Tuesday’s NFL: League tweaks fair catch rule on kickoff returns

Detroit News
By Dave Campbell |  Associated Press

Eagan, Minn. — The NFL has pushed the kickoff return further toward irrelevance with a priority on player safety.

League owners voted Tuesday for a one-year trial of an enhanced touchback rule that will give the receiving team the ball at its own 25 with a fair catch of a kickoff anywhere behind that yard line.

The proposal passed despite an expression of distaste for it from coaches and players across the league. They argued the rule change will create uglier plays with squib and corner kicks that are impossible for fair catches.

“I’ve been in this for a long time. I’ve seen these type of health and safety discussions,” said Atlanta Falcons chief executive officer Rich McKay, who is chairman of the competition committee. “We tend to get ourselves to the right place, but it’s never that comfortable.”

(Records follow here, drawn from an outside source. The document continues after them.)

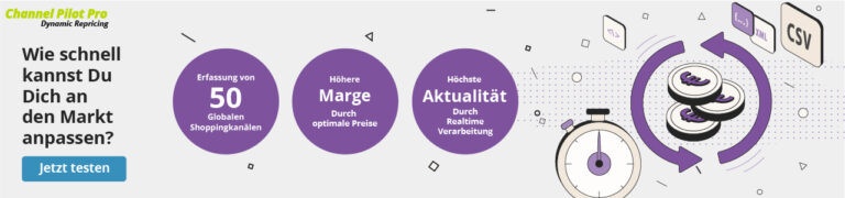Mit der dynamischen Preisanpassung von Channel Pilot Pro wurde eine intelligente Lösung geschaffen, mit der Du in Echtzeit und ohne viel Aufwand vollkommen automatisiert die bestmögliche Preisfindung vornimmst, um stets die optimalen Preise auszuspielen und langfristig wettbewerbsfähig zu bleiben.
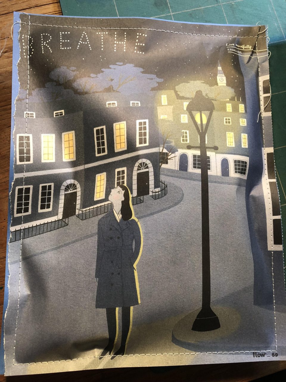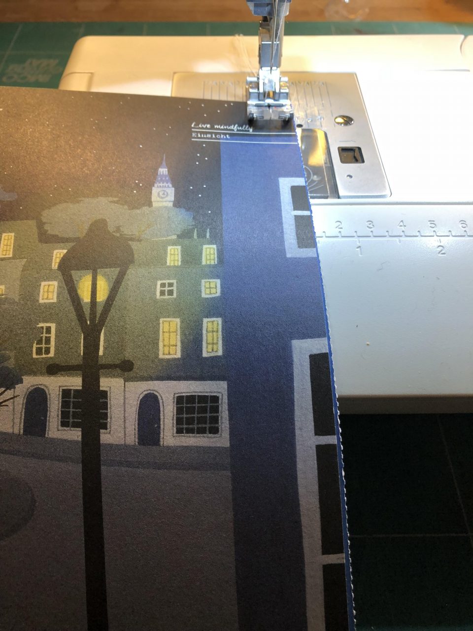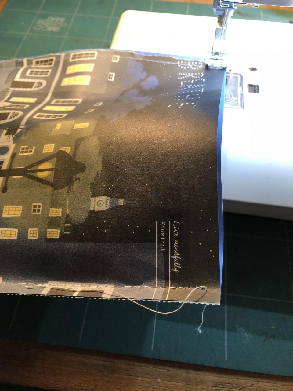 Nachdem ihr eure Entscheidung getroffen habt, könnt ihr die beiden Papiere auch schon zusammennähen. Dabei ist wichtig, dass das Bild und das Muster nach außen zeigen. Ich habe hierfür einen Gradstich gewählt. Am besten haltet ihr einen Nahtabstand von 0,5 cm ein, damit das Verpackte auch sicher in der Tüte liegt ;-)) Witzig ist es auch, andersfarbiges Garn zu benutzen. Ihr näht die drei Seiten mit einer Naht zusammen. An den Ecken hebt ihr jeweils das Füsschen der Nähmaschine an und dreht die Papiere um 90 Grad und näht weiter. Oben lasst ihr offen, damit das Geschenk hineingelegt werden kann.
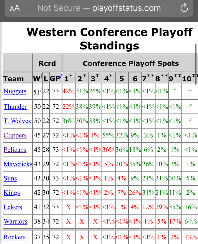 quote:6-8 are all within a game and only one of them get to avoid the play-in. 40% seems right for the moment considering if they beat SAC tonight their odds of play-in drop to 20%. Huge game for Mavs-Kings tonight.
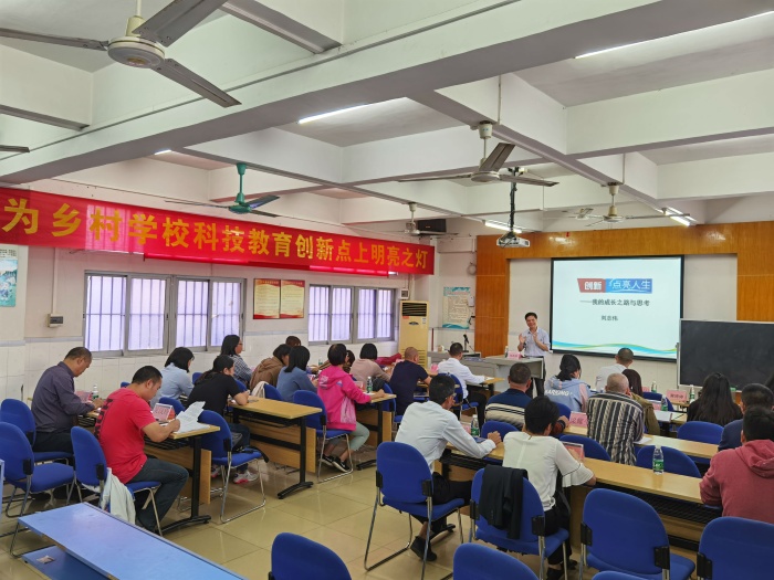 10月19日下午,廣東省知識產(chǎn)權(quán)研究會中小學(xué)教育專業(yè)委員會副主任、九江鎮(zhèn)中學(xué)榮譽校長、正高級教師、特級教師、國家名師、國培專家劉志偉老師蒞臨阜沙鎮(zhèn)豐聯(lián)小學(xué),以“創(chuàng)新,點亮人生”專題為豐聯(lián)小學(xué)全體教師進行了一場青少年科技創(chuàng)新教育的指導(dǎo)培訓(xùn)。
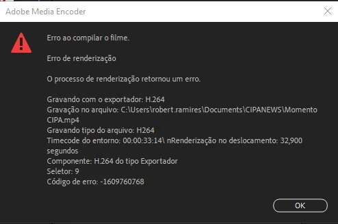Não consigo finalizar a exportação do meu projeto, sempre paparece uma mensagem de erro.

The NFL said its statistical models predict the return rate for kickoffs in 2023, under the new rule, will drop from 38% to 31% and that the rate of concussions on the sport’s most dangerous play will be reduced by 15%. Concussions on kickoffs occur more than twice as often as on plays from scrimmage, and that rate has risen significantly over the last two years.

One reason for the recent increase in head injuries? The improved skill of kickers to be able to strategically hang the ball longer and higher in front of the goal line, allowing the coverage more time to make a tackle and keep the opponent’s drive start deeper than the 25 for an end-zone touchback.

The NFL essentially copied a rule that was already in place in college football.

“We needed to do something,” McKay said. “We just can’t sit there and ignore that data.”

Personnel dept.

The Broncos severed ties with kicker Brandon McManus as they released the last holdover player from the team that won Super Bowl 50.

The 31-year-old McManus announced he was being let go on social media shortly before the Broncos made it official.

McManus finished his nine-year career with Denver as the second-leading scorer in team history (946 points). He connected on a franchise-most 42 field goals of 50 or more yards in the regular season and the playoffs.